Not all annulenes are aromatic. Apart from benzene, [14]-, [18]-, and [22]annulenes are shown to be aromatic, while [4]annulene is antiaromatic. On the other hand, both cyclopentadienide (g) and tropylium (h) ions have six π-electrons and thus are isoelectronic with benzene. Their respective PINs, however, slavishly describe the structures in terms of localised bonds and charges.
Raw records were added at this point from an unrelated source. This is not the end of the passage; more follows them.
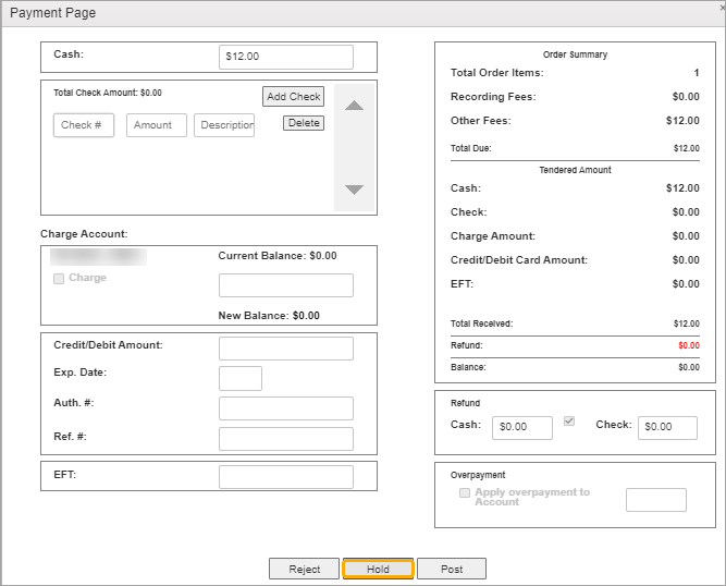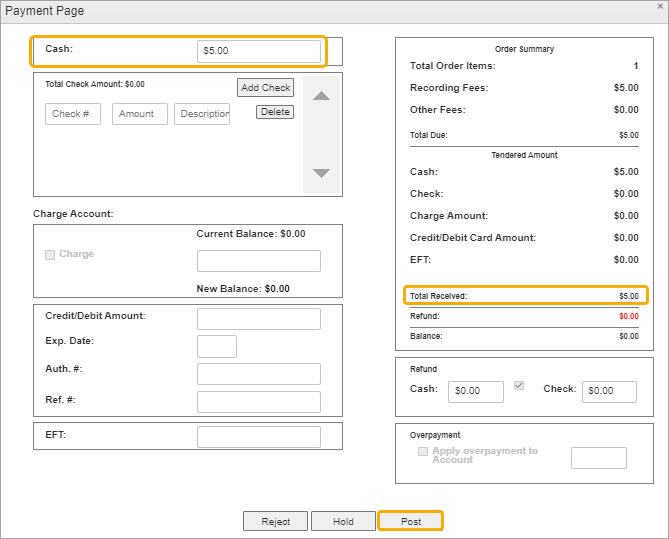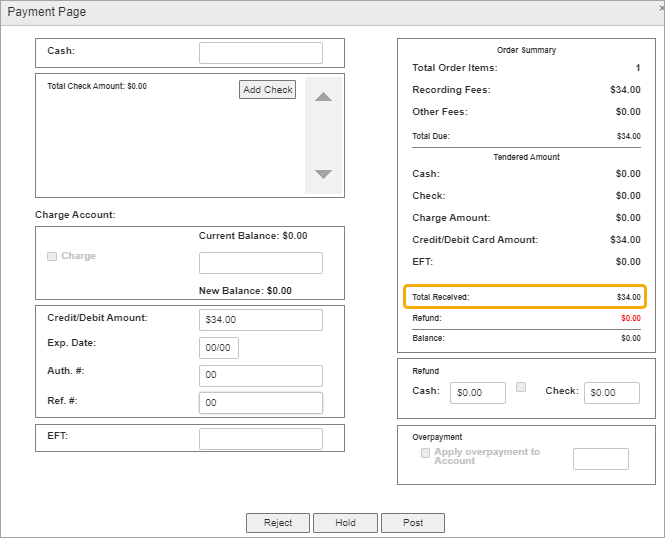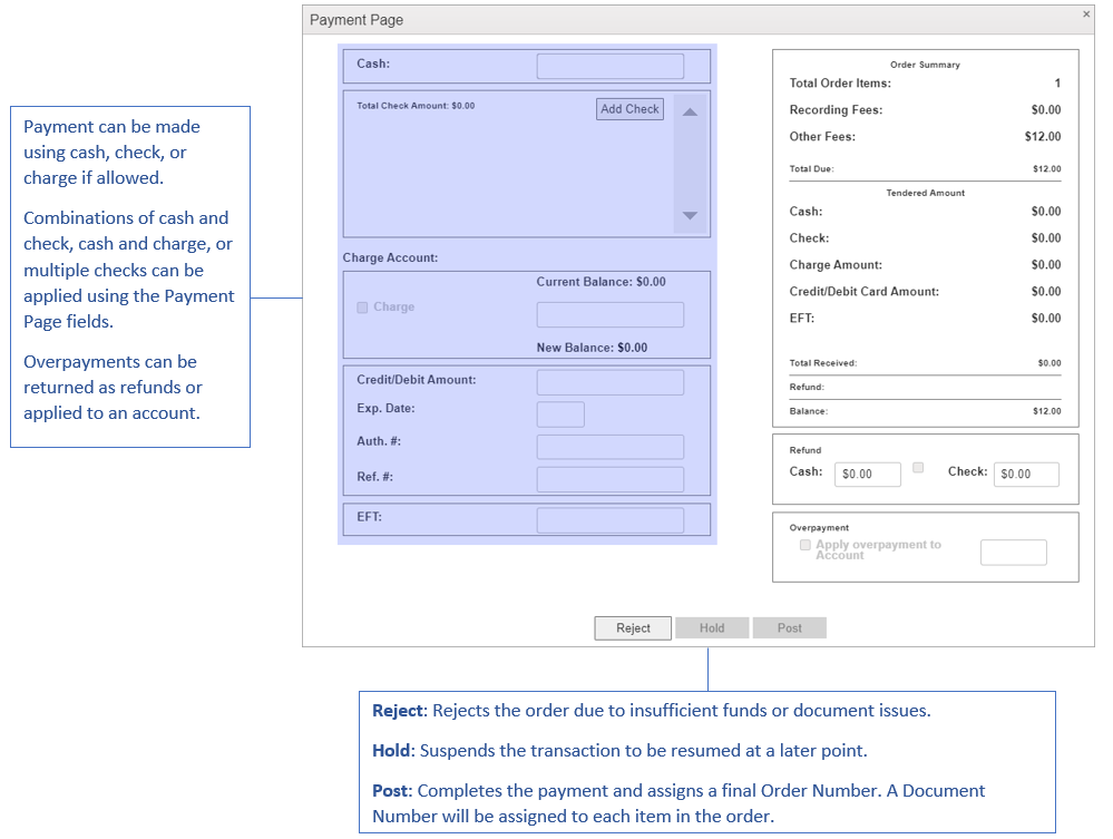 The Payment Page has sections for entering cash, check, credit, charge, or EFT funds. Payment methods can be combined to reach the full amount due.
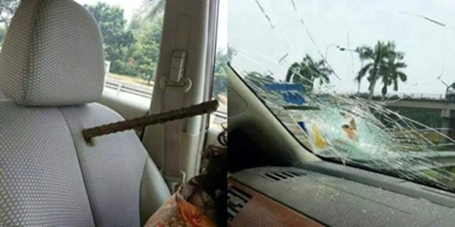 อุทาหรณ์! สำหรับผู้ที่ชอบขับขี่จี้ท้าย เหล็กแหลมทะลุกระจก เคราะห์ดีไม่มีใครได้รับบาดเจ็บ
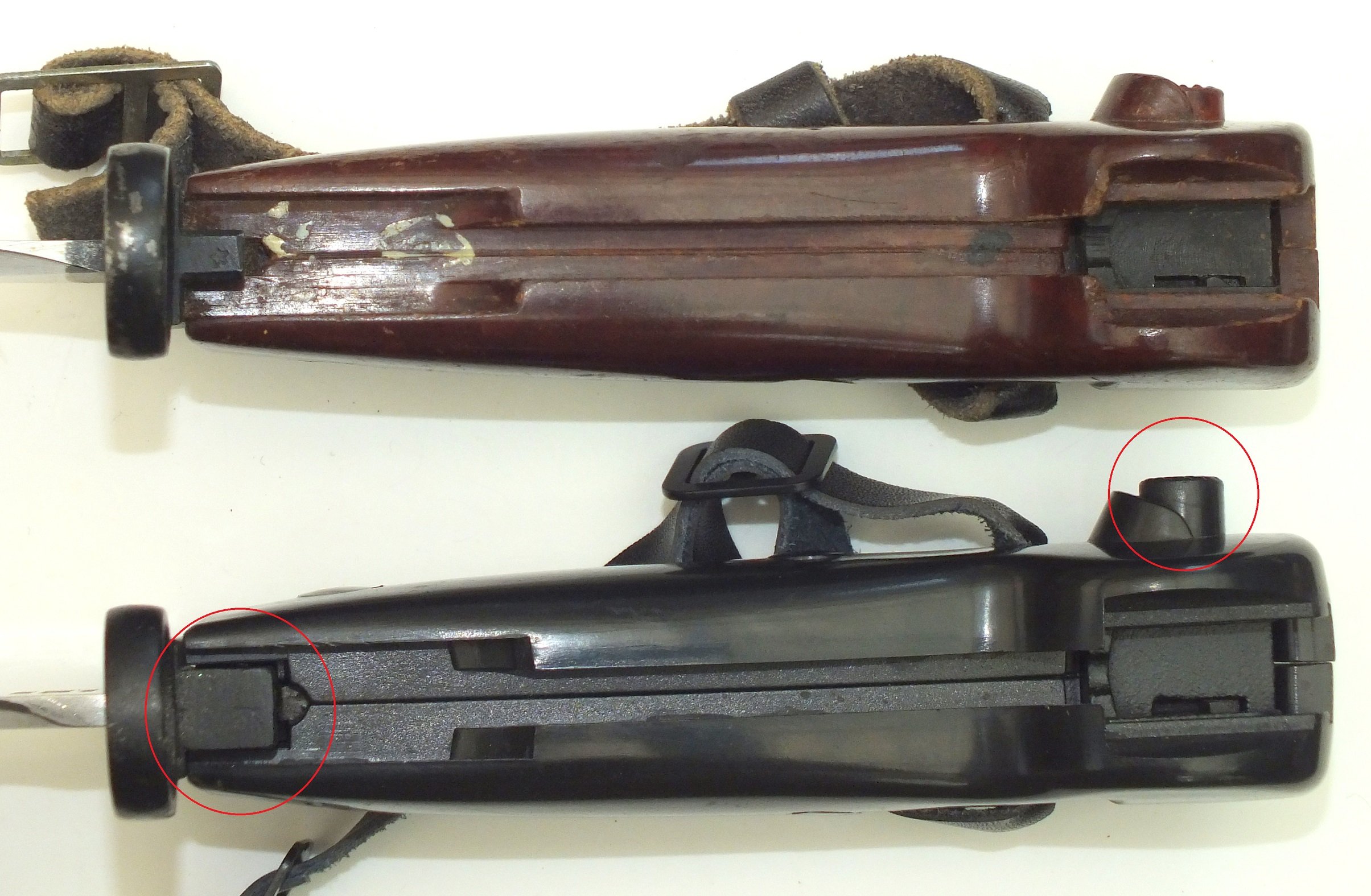Excellent analysis and pictures! Thank you Gerhard! It appears to be in a class with the plastic model of the Polish AKM 6H4 bayonet and scabbard made in Japan. Just toys. I would still like to have one, but not a high priority at that price. Mike
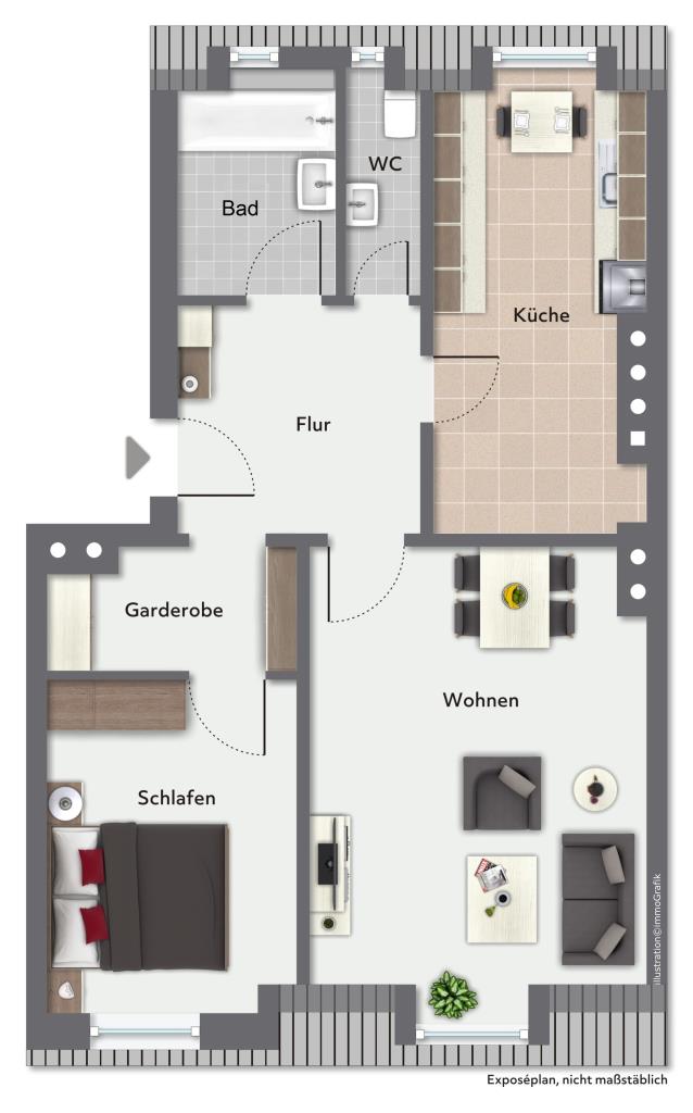 Weiter verfügt die Wohnung auch über eine Garderobe, ein Schlaf- und ein Wohnzimmer, eine Diele, eine großzügige Küche (mit EBK und WA) sowie ein Badezimmer mit Wanne und ein separaten WC. Im UG des Wohnhauses finden Sie das im Sondereigentum stehende Kellerabteil. Die Wohnung und das Gebäude präsentieren sich im gepflegten Zustand mit einer schön eingewachsenen Fassade – ein echter "Hingucker"! Der Innenhof mit kleinem Spielplatz ist ein Ort der Begegnung für die Hausbewohner.

On top of that, the carbon atom that formally acquires a charge is assigned the locant number ‘1’, thus prompting renumbering of double bond locants: cyclopenta-1,3-diene → cyclopenta-2,4-dienide; cyclohepta-1,3,5-triene → cyclohepta-2,4,6-trienylium. The alternative names [5]annulenide and [7]annulenium are much shorter.

(g)	(h)

C5H5− cyclopenta-2,4-dienide (PIN) [5]annulenide C7H7+ cyclohepta-2,4,6-trienylium (PIN) tropylium (trivial) [7]annulenium

Gold Book defines arenes as

Monocyclic and polycyclic aromatic hydrocarbons.
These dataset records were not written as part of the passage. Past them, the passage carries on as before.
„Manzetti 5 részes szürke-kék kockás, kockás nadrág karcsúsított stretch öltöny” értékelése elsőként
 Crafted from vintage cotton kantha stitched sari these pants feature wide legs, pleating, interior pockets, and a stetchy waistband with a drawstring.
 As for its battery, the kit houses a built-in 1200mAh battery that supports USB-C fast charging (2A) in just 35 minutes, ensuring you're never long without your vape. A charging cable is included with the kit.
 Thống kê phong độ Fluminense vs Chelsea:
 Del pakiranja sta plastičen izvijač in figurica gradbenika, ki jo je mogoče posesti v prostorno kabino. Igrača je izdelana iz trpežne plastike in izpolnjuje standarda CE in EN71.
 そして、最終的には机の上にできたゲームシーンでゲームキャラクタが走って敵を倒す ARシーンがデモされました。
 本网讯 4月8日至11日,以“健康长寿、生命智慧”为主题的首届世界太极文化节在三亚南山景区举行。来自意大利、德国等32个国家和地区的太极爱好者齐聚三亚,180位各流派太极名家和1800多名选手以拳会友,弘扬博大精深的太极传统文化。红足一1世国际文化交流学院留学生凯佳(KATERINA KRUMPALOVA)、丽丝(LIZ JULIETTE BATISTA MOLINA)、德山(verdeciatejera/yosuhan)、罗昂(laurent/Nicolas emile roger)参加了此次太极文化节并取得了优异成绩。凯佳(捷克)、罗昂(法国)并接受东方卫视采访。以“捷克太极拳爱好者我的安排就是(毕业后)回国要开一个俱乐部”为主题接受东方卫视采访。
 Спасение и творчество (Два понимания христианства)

Benzene is often thought of as the simplest arene, although the simpler cyclopropenylium C₃H₃⁺ and cyclopentadienide C₅H₅⁻ ions are also aromatic hydrocarbons. In any case, benzene is the simplest (neutral) arene molecule.

In higher annulenes, an additional problem arises as there could be quite a number of cis/trans isomers. For instance, the variants on [18]annulene (a) theme include structures (g) and (h), with accordingly unwieldy systematic names.

(g)	(h)

(1E,3Z,5E,7E,9Z,11E,13E,15Z,17E)-cyclooctadeca-1,3,5,7,9,11,13,15,17-nonaene (1Z,3E,5E,7E,9Z,11Z,13E,15E,17E)-cyclooctadeca-1,3,5,7,9,11,13,15,17-nonaene

*	We also can use ‘[n]annulenyl’ for odd-numbered groups if we can’t (or don’t want to) specify attachment points.
†	Hofmann’s list of “monobasic aromatic acids” [4] includes benzoic acid, toluylic acid (now toluic acid) and cuminic acid (now cumic acid), while “bibasic” ones include phthalic acid, terephthalic acid and the titular “insolinic acid” which could be either methylterephthalic acid, 5-methylisophthalic acid (uvitic acid) or 4-methylphthalic acid.

References

1. Sondheimer, F. and Wolovsky, R. (1962) Unsaturated macrocyclic compounds. XXI. The synthesis of a series of fully conjugated macrocyclic polyene-polyynes (dehydro-annulenes) from 1,5-hexadiyne. Journal of the American Chemical Society 84, 260—269.
2. Sondheimer, F. (1971) Recent progress in the annulene field. Pure and Applied Chemistry 28, 331—354.
3. Connelly, N.G., Hartshorn R.M., Damhus, T. and Hutton, A.T. Nomenclature of Inorganic Chemistry: IUPAC Recommendations 2005. Royal Society of Chemistry, Cambridge, 2005.
4. Hofmann, A.W. (1856) On insolinic acid. Proceedings of the Royal Society VIII, 1—3.